The voice sounds like the al-Qaeda terror chief’s, and the tape was posted on a site known as a clearinghouse for militant Islamic comment.
The speaker says that while Saudi leaders blame ”holy warriors” for trouble in the kingdom, ”the truth is that the whole responsibility falls on the shoulders of the regime”.
The speaker, in calm and even tones, accuses Saudi rulers of ”violating God’s rules”, a common theme of statements from Bin Laden, who accuses Saudi rulers of being insufficiently Islamic and too close to the ”infidel” United States.
”The sins the regime committed are great … it practised injustices against the people, violating their rights, humiliating their pride,” the speaker says. He also accuses the Saudi royal family of misspending public money while ”millions of people are suffering from poverty and deprivation”.
The main statement is preceded by Qur’anic verses, a rhetorical device typical of Bin Laden.

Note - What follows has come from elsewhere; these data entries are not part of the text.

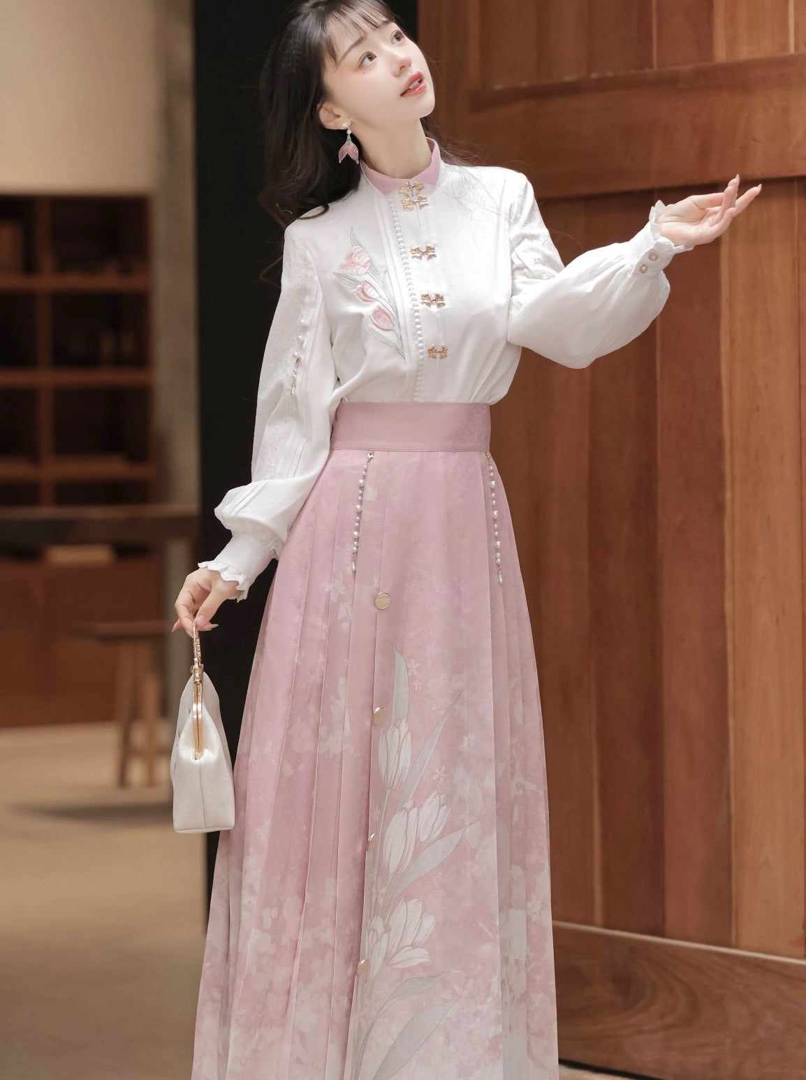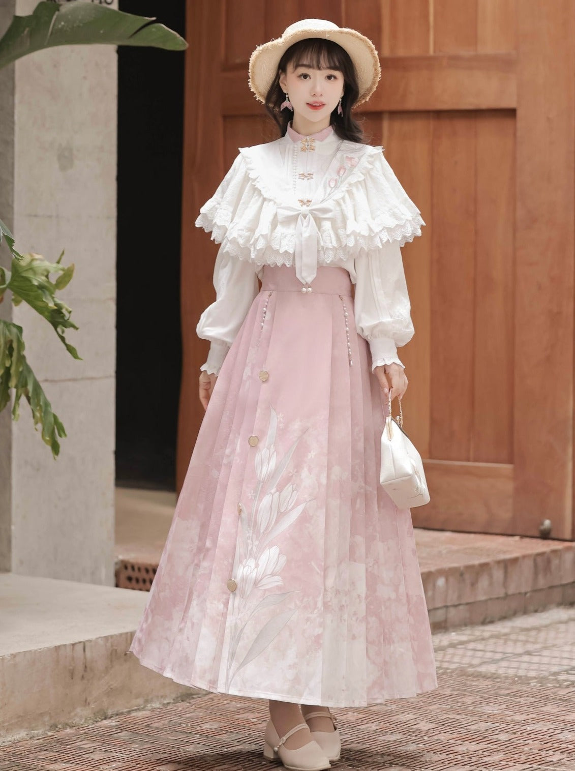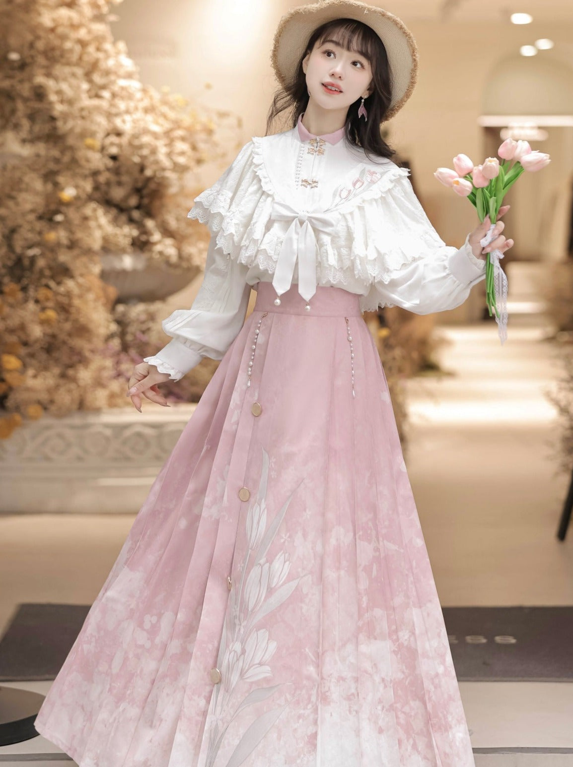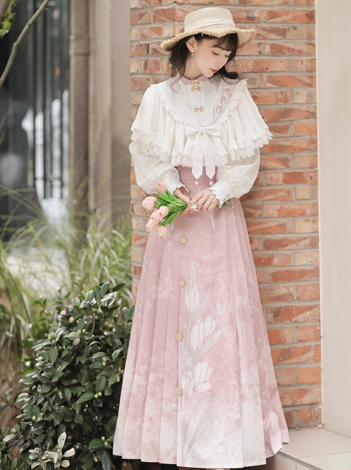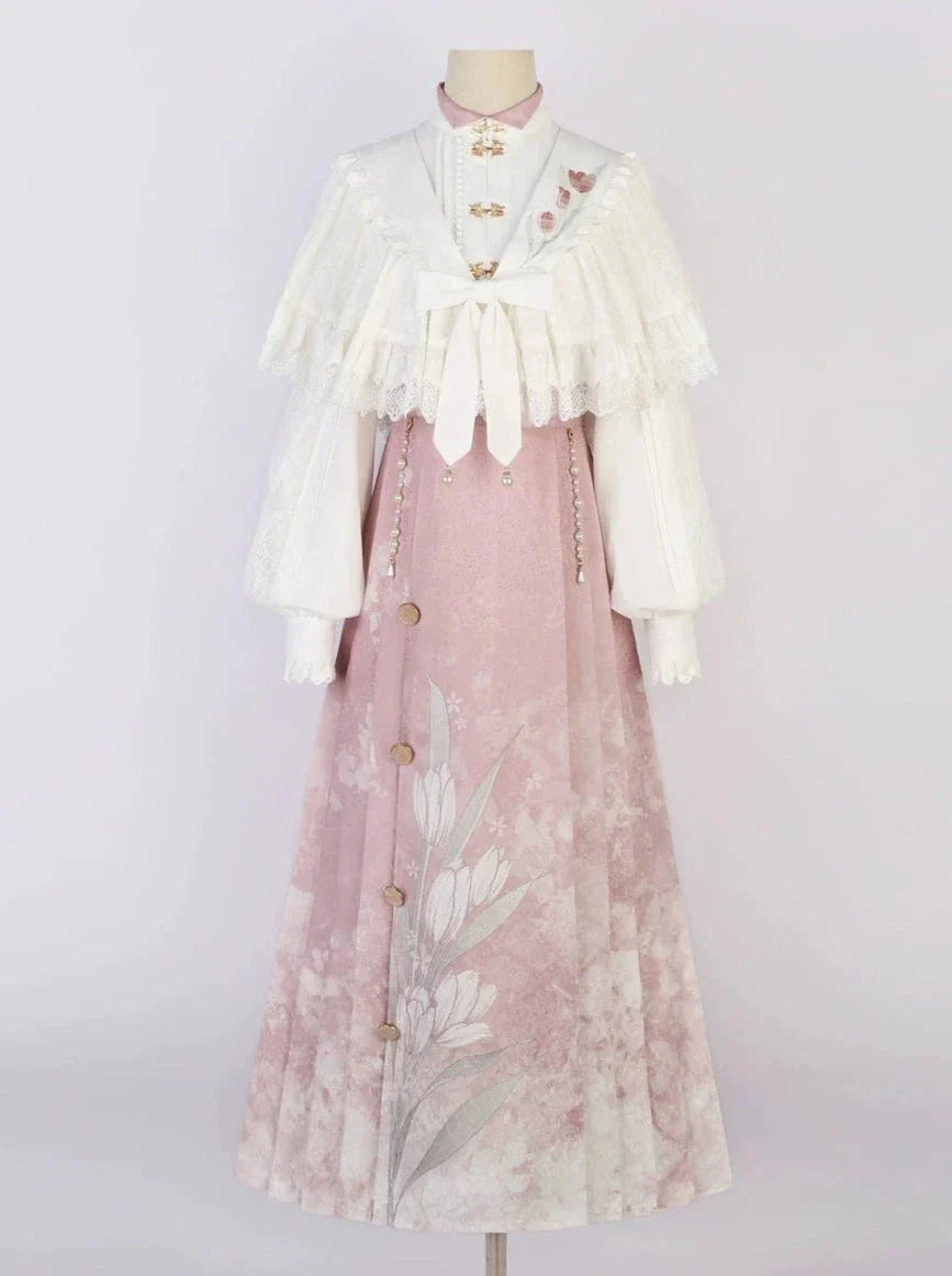 ブラウス プリーツショール リボンスカート チャイナ + スイートレース フローラル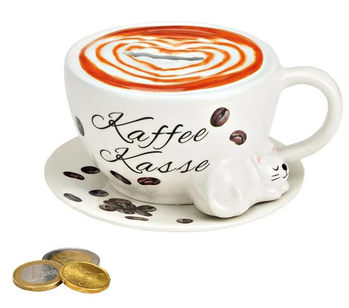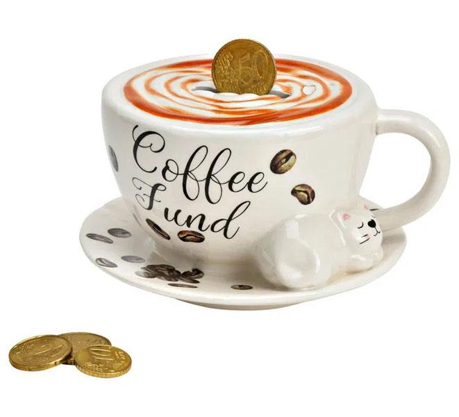 Keramička kasica, šolja kafe sa zaspalom macom na tacnici; sa donje strane tacnice je čep; dimenzije: 14x8x13cm
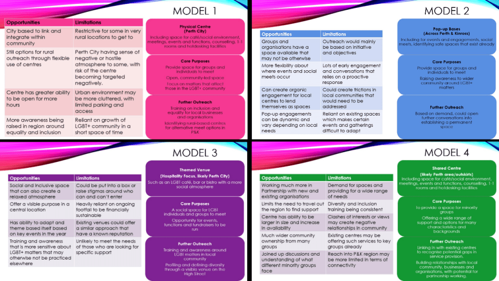 One of the key findings from this further consultation, we establish the need to build a sense of an LGBTQ+ community in Perth & Kinross, growing community engagement and activity on consistent basis. As well as this, it was felt that a 100 Day Plan would help towards progressing the idea of an LGBT+ hub into a reality.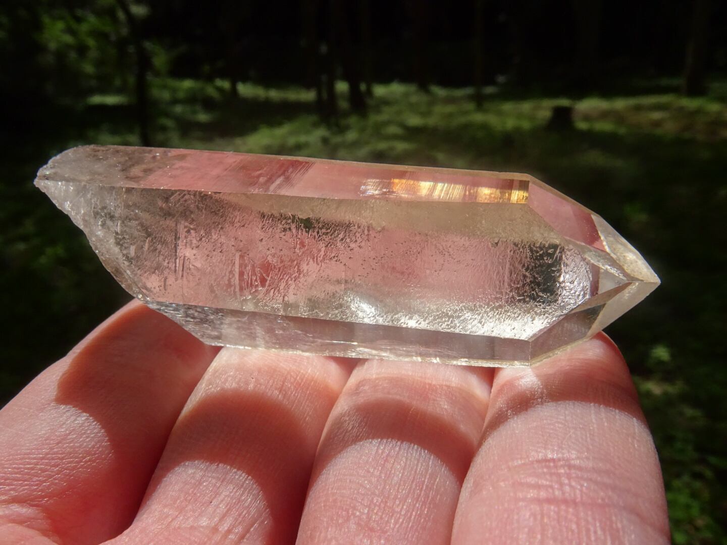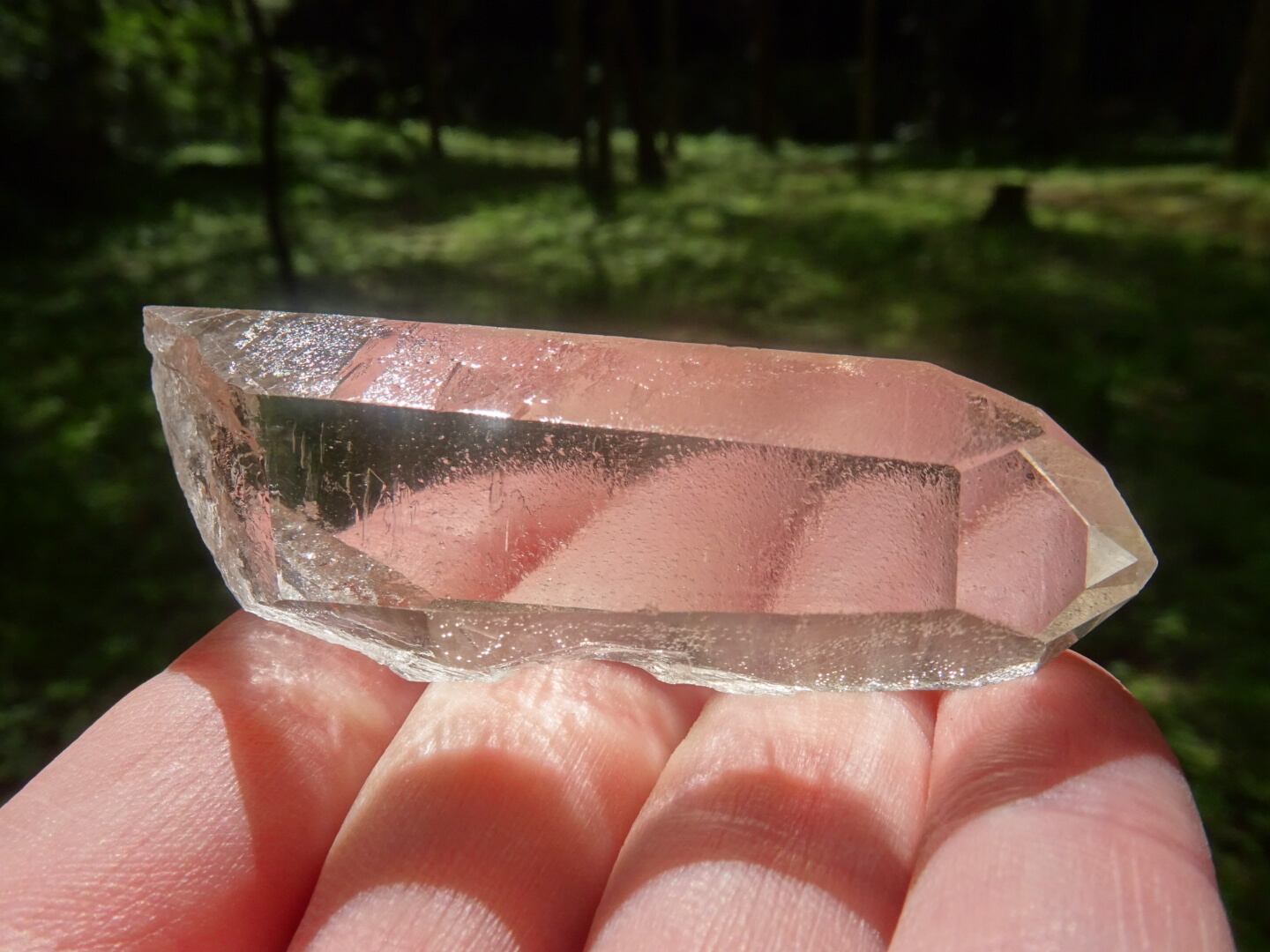 ファセットは7.3.7.3.7.3角形が連なる「ダウ」になっており、ビジョンクォーツ特有の一面おきの蝕像痕もよく出ています。

On December 6, five militants shot their way into the compound of the US consulate in Jedda, Saudi Arabia, killing five non-American employees.
Saudi Arabia cracked down on Muslim extremists after the May 2003 bombings of three residential compounds in Riyadh brought terrorism home to the kingdom, but has not been able to contain the violence.
Bin Laden, believed hiding in the mountains along the Pakistan-Afghanistan border, last reached out to his followed in October, with a videotape aired on the Arabic television station Al-Jazeera.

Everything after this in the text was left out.